An Invalidity Defense Requires Magic. A cardinal rule in patent law is that hindsight is not permissible to prove obviousness. But hindsight is human nature. A strong analogy is important to explain why an obviousness argument is hindsight in disguise. One example is a magic trick. People are often stumped when they see a magic trick. But once the magician reveals how the trick is performed, then everyone thinks it was obvious from the start. An obviousness argument is no different. While a defendant may argue that the invention was obvious years later after the invention, it was not obvious until the inventor revealed his solution.
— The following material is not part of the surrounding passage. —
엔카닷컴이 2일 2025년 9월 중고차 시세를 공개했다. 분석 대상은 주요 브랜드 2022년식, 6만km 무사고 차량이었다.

A successful verdict requires not only a finding of infringement and no invalidity, but a fair damages award. To obtain and keep such a verdict, the patent holder must offer quantifiable evidence that meets the Federal Circuit’s recent precedent on reasonable royalties. In addition to those basics, here are several more tips to engage a jury on the issue.
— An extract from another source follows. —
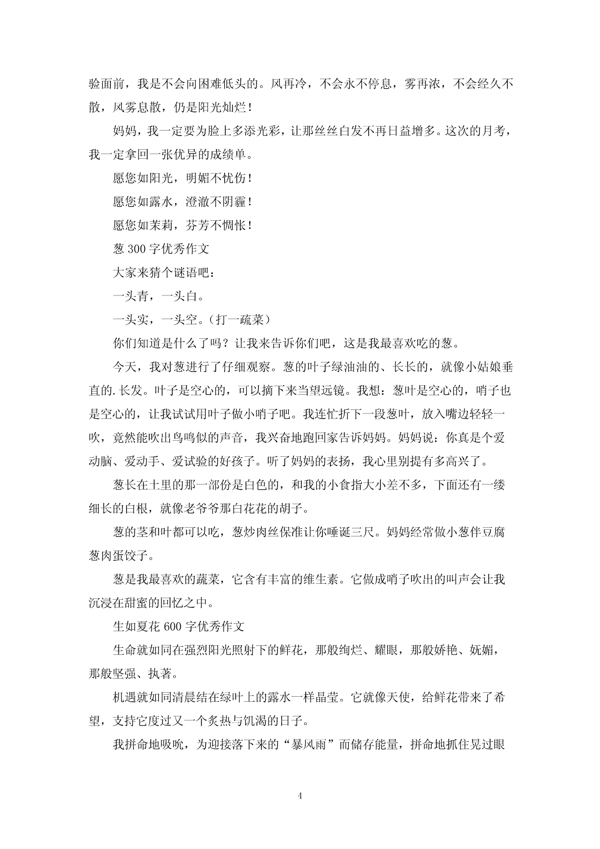 最新优秀作文范文7篇一:我的一家人我的爸爸非常喜欢家里的花,天天为它们浇水。在我上幼儿园大班的时候,一次,我在家里玩做饭。我把我的玩具———小碗、小刀、筷子,挑水担等都拿到阳台上完做饭。我把家里的每盆花上的叶各摘了一片用小刀当“菜”切。正在这时,爸爸来到阳台上笑眯眯地对我说:“你再玩什么呢?”我指了指小碗。爸爸看到里面的菜时,非常生气,大声喊道:“你为什么玩花叶子呢!?”瞧!我爸爸就是这么爱花。我的妈妈是个大网迷,天天晚上都在家里上网。妈妈先在电脑上看新闻,不时嘴里还说着“一个小男孩一个人照顾母亲,一个孤独的小女孩———”妈妈还喜欢在电脑上看一些经典的电影。每个星期五晚上,妈妈打电脑的声音都让人难以入睡。一次,我好不容易睡着了,半夜醒来,只听见妈妈打电脑的声音还在。几点了呀?我看了看客厅里的表。呀!都凌晨二点了。瞧!我妈妈就是这样一个大网迷。我喜欢看书,只要一有时间,我就拿出我的课外书来看。有一次,我写完作业才晚上七点半。于是便拿起课外书来津津有味地看了起来。看着,看着,妈妈进来了说:“现在都十点了,你还在看书,我以为你早睡了呢!”瞧,我就是这样喜欢看书。同学们,这就是我的一家人。二:我的一家人我有一个温馨的家。我为大家介绍一下这个家的家庭成员吧。有着一颗童心的爸爸我的爸爸在外地有自己的企业,所以他一年中只有半年是在家的,我很珍惜和他在一起的分分秒秒!爸爸表面一副严肃的样子,其实他有着一颗快乐的童心,这不,今天他居然要和我比赛车。我和他各给自己的赛车取名字,他的赛车叫“蓝风”,我的赛车叫“红火”。一场激烈的战争开始了,我先比我爸快多了,结果他1不服输,“咻”一下,爸爸超过我了,我刚要超过“蓝风”,他突然来了个“神龙摆尾”,害得我无法超车,后来他竟渐渐地慢下来,我一见这个好机会,立即把“红火”超了过去,竟没想到他在用目光注视我,似乎在说:“你死定了!”,其实我中计了,我的“红火”超过了他,我还在沾沾自喜呢,结果“蓝风”用它那强大的体形从我后面撞了一下,最后我输了!贤妻良母的妈妈我有一个“全职妈妈”,因为这一点,就有不少人羡慕呢!当我和爸爸在汽车比赛时,妈妈正在厨房烧饭呢!汽车比赛到一半时,饭烧好了,我和爸爸忍不住了,便决定中止比赛,爬上桌子,狼吞虎咽地吃了起来,每次妈妈烧好了,坐在桌上时,才发现,她只能吃一半了。因为妈妈手艺太好,所以我便肥嘟嘟的,现在妈妈为了让我苗条些,只能研究一个蔬菜谱了!好胜心强的我我的好胜心很强,例如,今天的赛车比赛,因第一局,我输了。我便利用休息十分钟的时间来训练“红火”。果然,我爸第二局时被我打个满地找牙!做人做事都应该这样,在我学习成绩没有被人好时,我的好胜心可就给了我好处。我有一个多姿多彩的家,怎么样美吧!三:我的一家人我的妈妈是一个打字狂,每当我被妈妈超快的打字速度所震惊时,她总是不屑一顾地说“这算啥,我最拿手的是广告设计。”是啊,如果说妈妈是一个打字狂的话,就是对妈妈的侮辱,要是你想请教妈妈怎么做设计的`话,她肯定会熟练地在一个高级软件里,帮你完成。你若是是给她一个很差的软件,妈妈必定会说:“再差的软件我都会设计出好的作品。”瞧,妈妈又在王婆卖瓜——自卖自夸了!我的爸爸是一个不折不扣的致富迷,为什么呢?因为几乎每天晚上,他都会准时守在电视机旁,弄到致富经那个频道,这个节目主要讲的是别人怎么致富的,通过种什么或养什么来走向成功。天天如此,只要他看到这个频道,那可谓是棒赶不走,非要看完了才肯离开,但是他也并非真得离开,而是又躺在了沙发椅上倒头呼呼大睡起来,做他的致富梦去了。我嘛,爱画画,爱看书,爱下棋。暑假,我要不是和外公切磋就是和爸爸妈妈,在和妈妈切磋时,我总是会耍赖皮:妈妈让我重新走一步吧,我们重新下吧!2虽然,妈妈让了我一步又一步,但是我还是胜不了妈妈,妈妈总是把我团团困住,不让我有一口喘息的机会,我最终还是败下阵来。但我并非局局败,也有胜利的时候,每当只要我胜利,我都会开心地满屋子乱窜,每当我失败时,也不气馁,再与妈妈大战三百回合,谁让古话说得好“胜败乃兵家常事,不失败怎么能成功呢?还有一位成员,这是我们家的开心宝,它的名字叫“维尼”你肯定会问,这不是动画片里那只维尼小熊吗?大家不会是把我家的维尼当成一只熊吧,当然这是一只狗的名字。它总是低着头走路,我们总是开玩笑地说它是在找金子,我和维尼的关系一度很紧张,直到那天我给它买了一件衣服,它才主动和我套近乎,穿起雨衣的维尼就像一只小蜜蜂,可爱无比。这就是我的一家人,温馨的一家人,快乐的一家人。今天,一个特别的日子。宁静的晚上,害羞的月亮小姐终于露了个面,与大地深情对望。刚与刺骨的寒风告别的我,到了家,就与温馨的暖流撞了个满怀。家中首先映入眼帘的是一个硕大的蛋糕。懵懂的我顿时恍然大悟:哦,原来今天是妈妈的生日!这时妈妈走过来,拍拍我的肩膀说:“吃

Damages in Pennies. The path to money is not to be greedy. But even a reasonable damages award may look astronomical to a jury, especially if the patent holder is an individual inventor or small company. One option, therefore, is to explain that the patent holder is willing to accept pennies. For instance, take a patent holder that seeks a $36 million royalty from a base of $600 million. Simply explaining that $36 million is a fraction of $600 million is unlikely to be persuasive. In contrast, showing the jury the contrast between what the patent holder gets versus what the defendant keeps is likely to be more effective. One example is to pour 100 pennies on the table which represent the defendant’s profit, while explaining that the patent owner is only asking for 6 of these pennies. That contrast may make an award of $36 million more reasonable to the jury. (To be sure, it is still imperative to remind the jury to write in the full damages amount on the verdict and not just $0.06!).
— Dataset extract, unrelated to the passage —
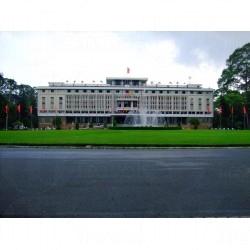 長長的 Le Duan Boulevard 林蔭大道的盡頭,佇立了一座飽經歷戰火的總統府。它原為 1868 年法國總統的諾羅敦宮,在越南分裂為南北時,被南越總統修建為有防禦宮殿,並正式改名為「獨立宮」。其後越戰於 1975 年結束,經了十多年戰亂後北越和南越終於可統一起來,為了隆重其事,「獨立宮」改名為「統一宮」。今天遊人看到的統一宮與以前的四層建築相差不遠,仍保留了昔日內閣會議室、外賓接待室及戰機平台,現在這裡每天人潮都絡繹不絕,是市內著名的旅遊熱點。

Be Candid. One inviolate rule of trial law is to address potentially harmful evidence head on. One subject that arises in patent damages may relate to past license agreements for lower amounts or past offers to sell the patents. Often times patent holders respond to these arguments with highly technical arguments to distinguish those past licenses based on the Georgia Pacific factors. That may be important for the record. But it is also important to take the issue head on. Give the jury a candid explanation. If an earlier license was for less than what is sought at trial, then explain why—because the company needed the license revenue to keep the lights on, or to get to trial in this case, and so forth. Or simply acknowledge that it was not a great deal in hindsight. The key is to be candid with the jury about the issue.
Persuasion, Precision, Passion
Patent jury trials are hard. They are complex. And they are often long. But they also frequently have the most at stake. Patent jury trials, therefore, require the highest form of trial advocacy that combines persuasion, precision, and passion. Patent jury trials truly are a species of their own. Hopefully they don’t go the way of the dinosaur.